E’ arrivata ieri, a fine giornata, la triste notizia della perdita di Sante Notarnicola. Dopo un anno vissuto all’insegna della sospensione del tempo storico, durante il quale ogni frammento delle nostre esistenze è stato fagocitato dal vortice pandemico, il tuo addio si è caricato di ulteriore reverbero nei nostri animi. Nella desolazione di questo presente, la tua storia così calda di vita ha sfondato la distanza fisica a cui siamo attanagliati, facendo esondare la potenza collettiva del ricordo sia di chi aveva avuto la fortuna di conoscerti tra le strade della nostra Bologna, sia di chi pur non avendoti mai visto ti aveva conosciuto limpidamente tra i versi delle tue poesie.
Bandito e poeta, rapinatore e scrittore. E poi ancora sobillatore, sovversivo, rivoltoso, terrorista, irrecuperabile.
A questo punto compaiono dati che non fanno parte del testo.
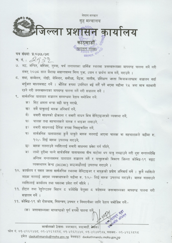 राजनीतिक, आर्थिक, सामाजिक, व्यावसायिक तथा अन्य गतिविधि गर्दा स्वास्थ्य सुरक्षा मापदण्डको पूर्ण पालना गर्न तथा सार्वजनिकस्थलमा सबै प्रकारका राजनीतिक तथा धेरै जना उपस्थित हुने गरी कार्यक्रम गर्न रोक लगाइएको छ ।
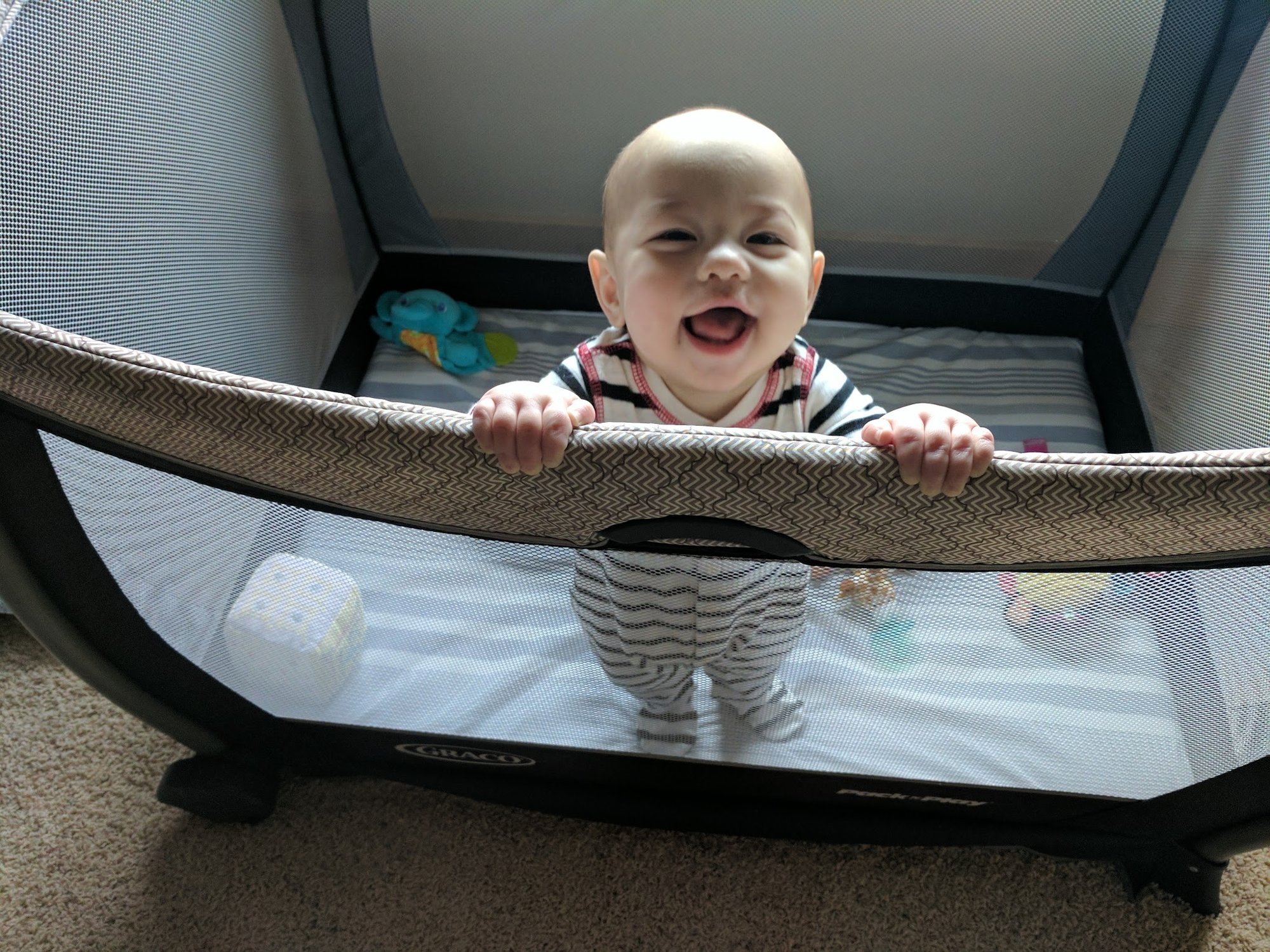 Jack has decided sleeping at night is over rated. He has no interest in crawling or pulling up, but talks up a storm!
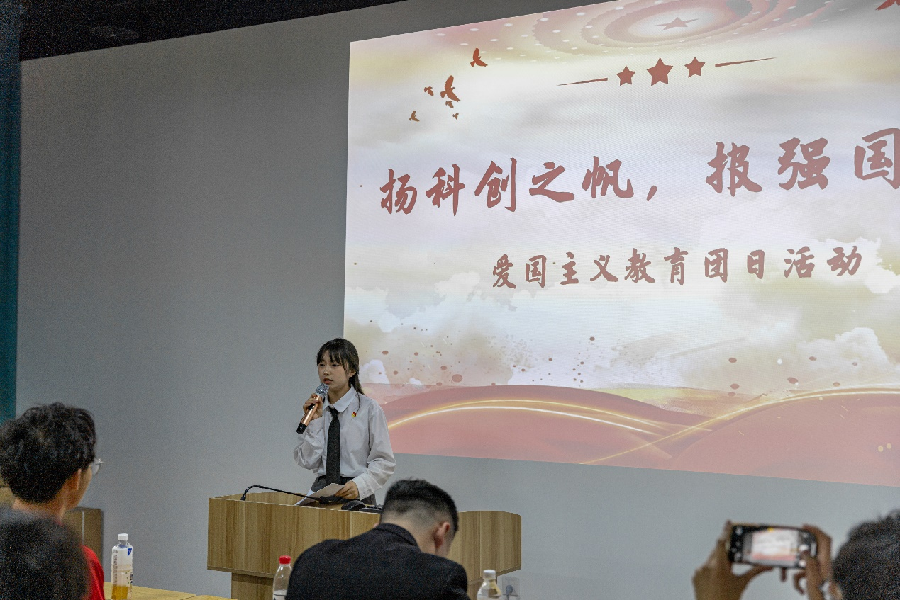 四川省青马工程“高校班”学员代表、四川省员工联合会驻会执行主席王月佳开展主题教育分享,重点介绍了我国航天事业取得的成就。
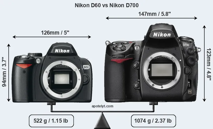 An illustration of the physical size and weight of the Nikon D60 and the Nikon D700 is provided in the side-by-side display below. The two cameras are presented according to their relative size. Three consecutive perspectives from the front, the top, and the back are available. All width, height and depth measures are rounded to the nearest millimeter.
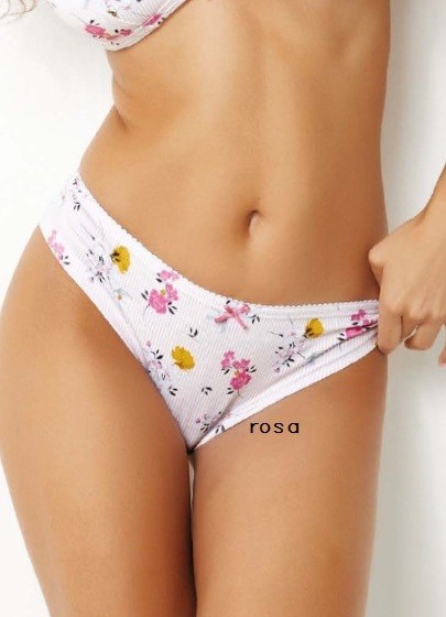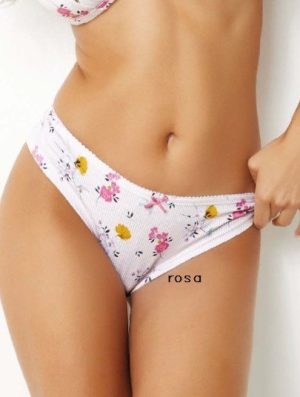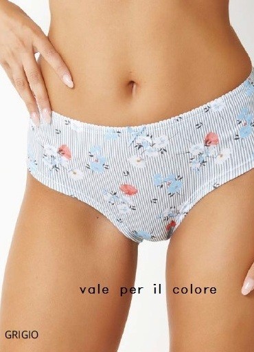 Slip stampato in tema floreale con delicati fiori fucsia e gialli a cui viene abbinato uno sfondo a righe rosa, bianchi e gialli su sfondo a righe blu, oppure fiori bianchi e rosa su sfondo a righe grigie
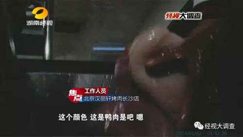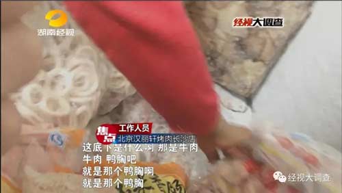 隨后,這些冰凍鴨胸肉又被偽造成牛肉,送上了餐桌,漢麗軒烤肉店的工作人員自己都聲稱(chēng)不會(huì)吃。
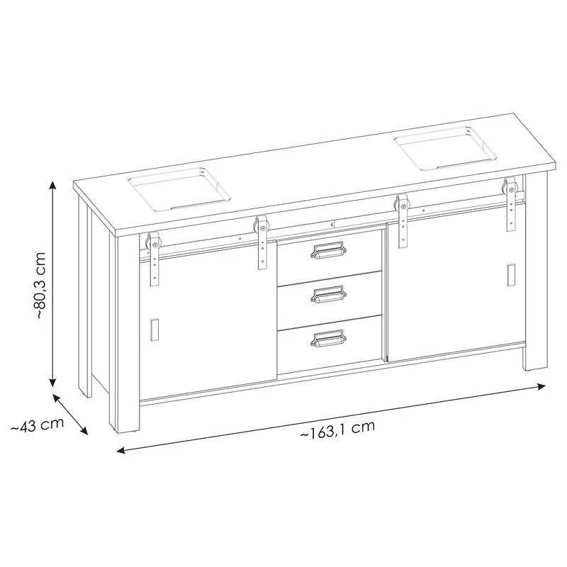 - Meuble avec vasque : 165 x 91 x 43 cm
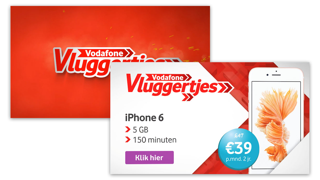 Voorbeeld van dynamische video: Vodafone Vluggertjes, waarin de propositie van de video werd bepaald op basis van sitebezoek.
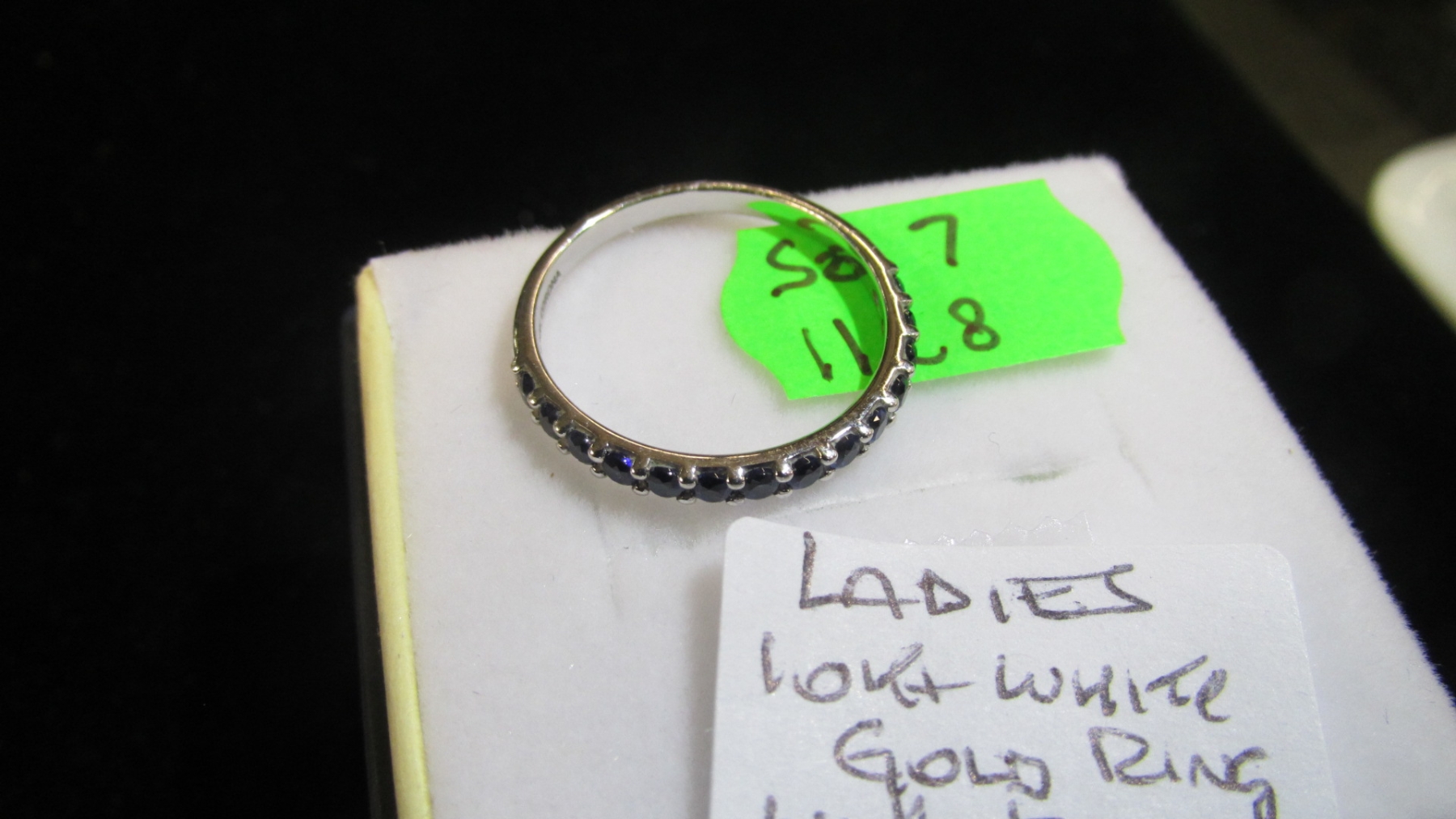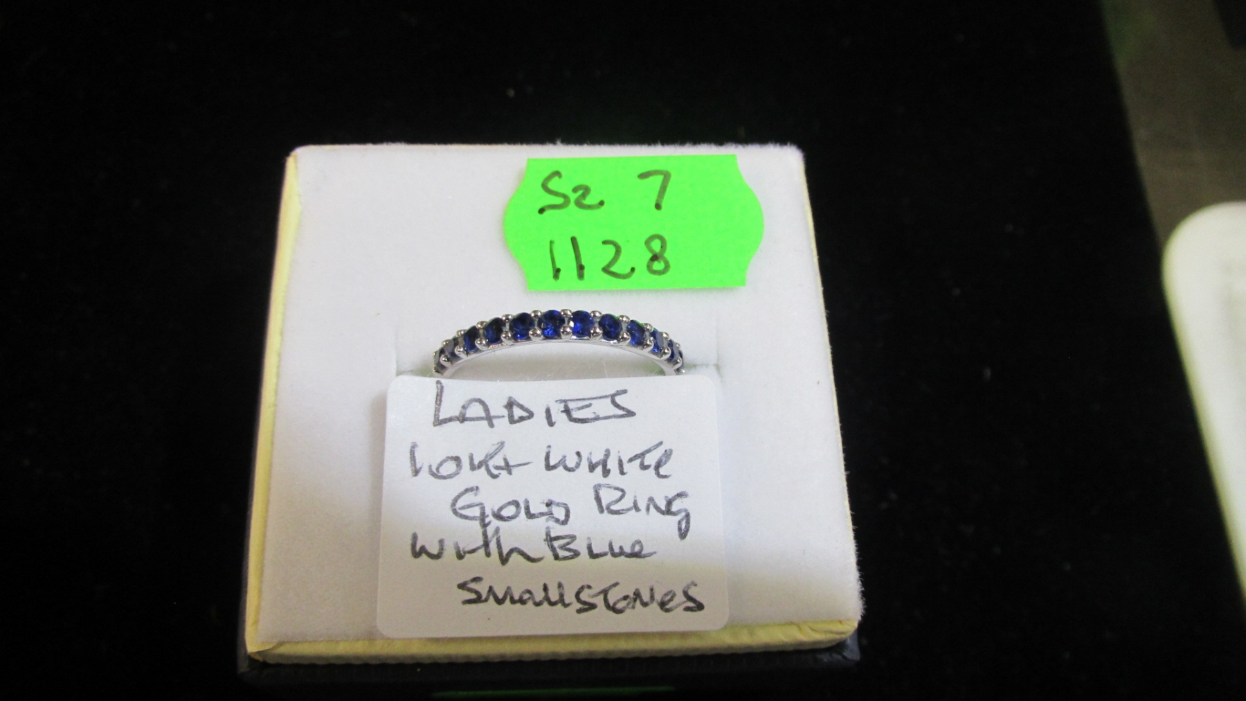 LADIES 10KT WHITE GOLD RING W/BLUE SM. STONES, SZ 7
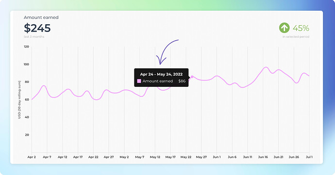 When a currency is selected, the associated currency symbol is shown in front of the numbers. Here’s an example line chart with currency set as “$” to represent the amount in USD. Both the Amount earned on the top left, and the tooltip display the selected currency symbol.
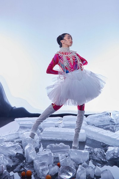 Alice trong một mẫu thiết kế ấn tượng của NTK Vương Khang. Để hiện thực hóa ý tưởng của ê kíp, model kid không ngại khó để tạo nhiều dáng thời trang cùng những cây nước đá lạnh.
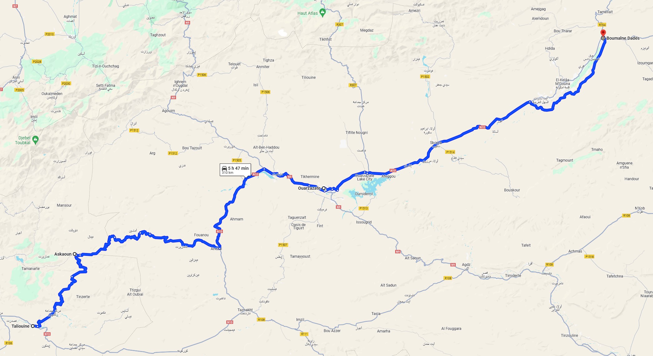N'Kob und dann nach Zagora. Das werden schlussendlich an die dreihundert Kilometer. Die erste Etappe bis Boulmane Dades führt
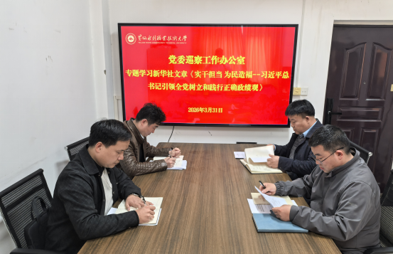 331日下午,党委巡察工作办公室在行政楼325室组织开展政治理论学习活动,集中学习研讨习近平总书记《实干担当 为民造福——习近平总书记引领全党树立和践行正确政绩观》及《让愿担当、敢担当、善担当蔚然成风》两篇文章,引导全体巡察干部以正确政绩观引领巡察工作,以担当作为践行初心使命。
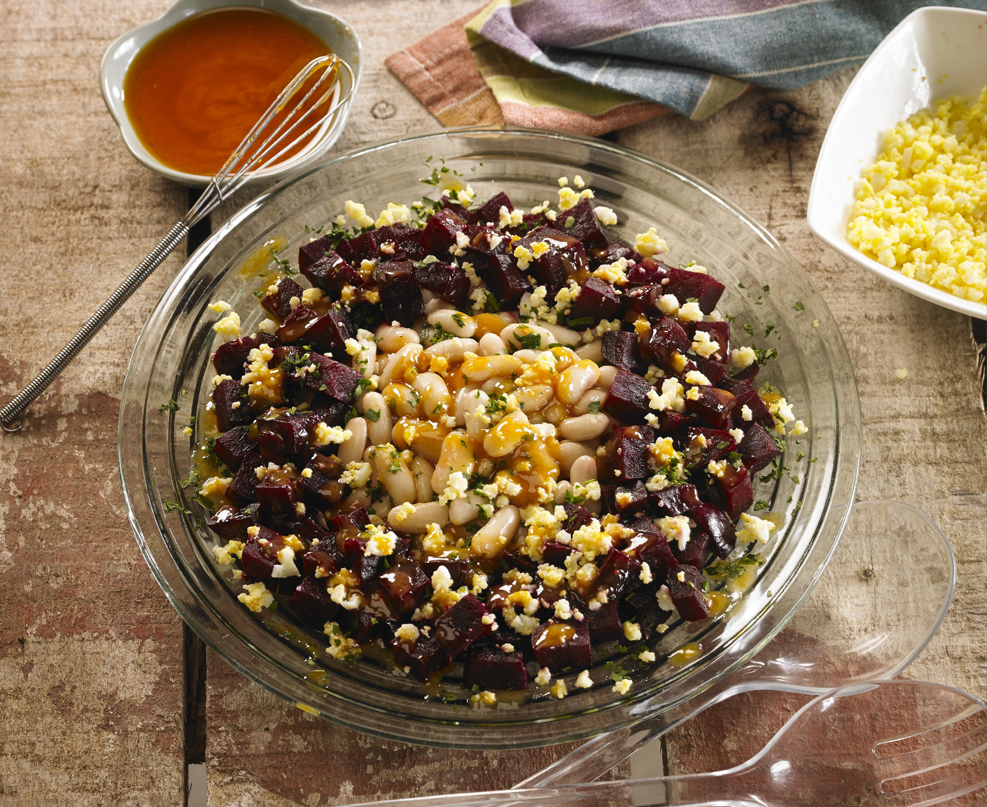 Remojar los porotos en agua y sal por espacio de 3 a 4 horas. Luego hervirlos con abundante agua y sal durante 25 minutos. Escurrirlos y colocarlos en el centro de una fuente. Colocar alrededor las remolachas cocidas en cubitos, espolvorear con perejil y los huevos duros picados.
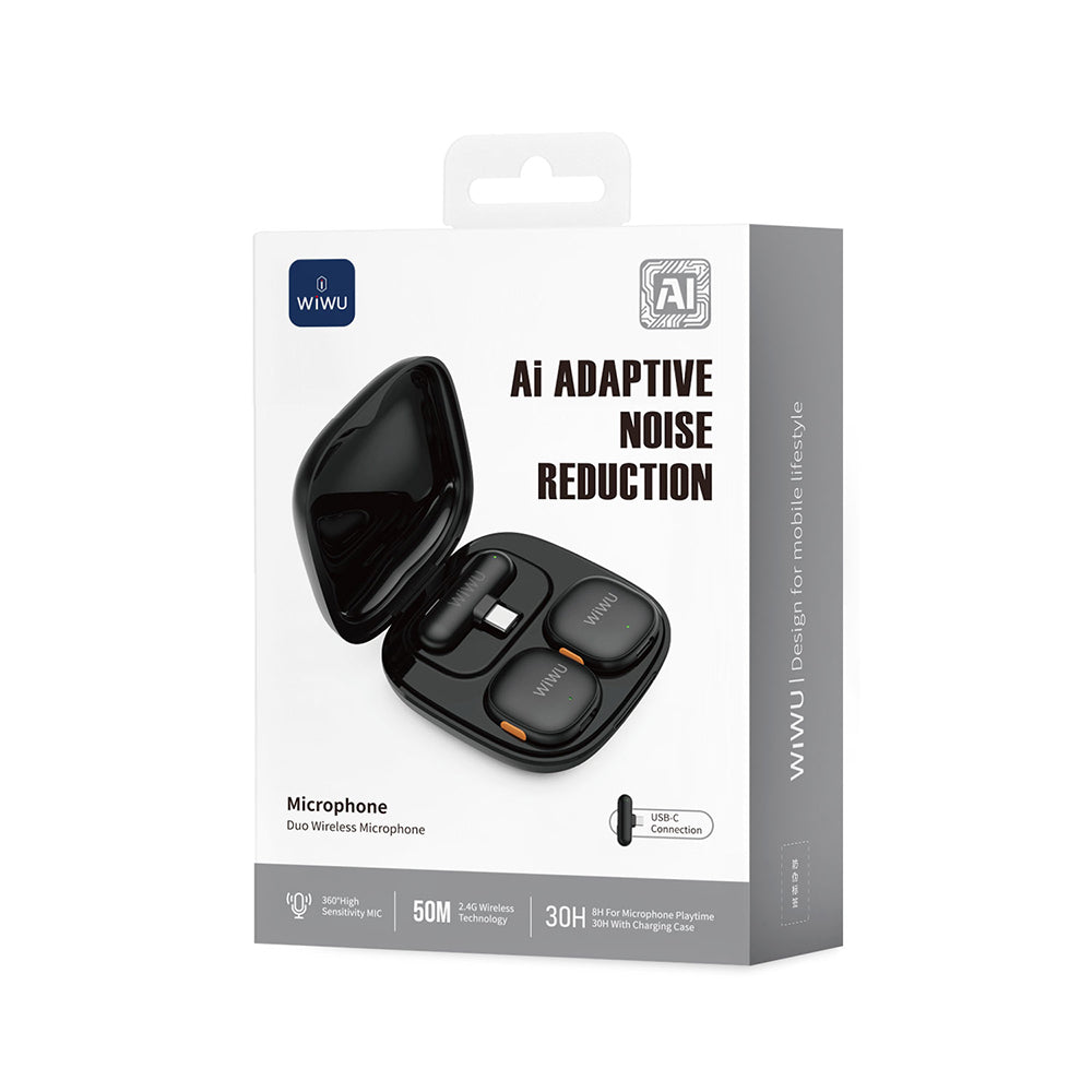 Wiwu Wi-WM006 2in1 Type-C Portlu Yapay Zeka Destekli ANC Özellikli Kablosuz Yaka Mikrofonu Siyah

Sei stato tutto questo e lo sei stato senza soluzione di continuità, rendendo impossibile qualsiasi tentativo di categorizzazione, rendendo improprie le sbarre semantiche di ognuno di questi singoli appellativi. Sei stato un compagno, eclettico e ostinato. E così vogliamo ricordarti.
Frantumato il tempo,
accigliato, sotto il peso
di strutture vergognose.
La poesia ha spazi
ristretti
in questo nostro tempo
e, la sola,
nasce fiera soltanto
dalle officine e dalle prigioni.
È l’inno all’amore di sempre:
per l’uomo sfruttato
inchiodato
calpestato
che
finalmente
dall’officina e dalla prigione,
alza l’arma e la fronte.
Diceva un amato compagno,
nel carcere di Cuneo:
vivo il comunismo nel vedere
la borghesia
preoccupata per i suoi interessi,
tremante per la sua pelle.
…
Questo pensiero me lo accarezzo,
me lo coccolo, in una sera
dell’estate lunga meridionale,
chiuso in una cella
della prigione speciale di Trani.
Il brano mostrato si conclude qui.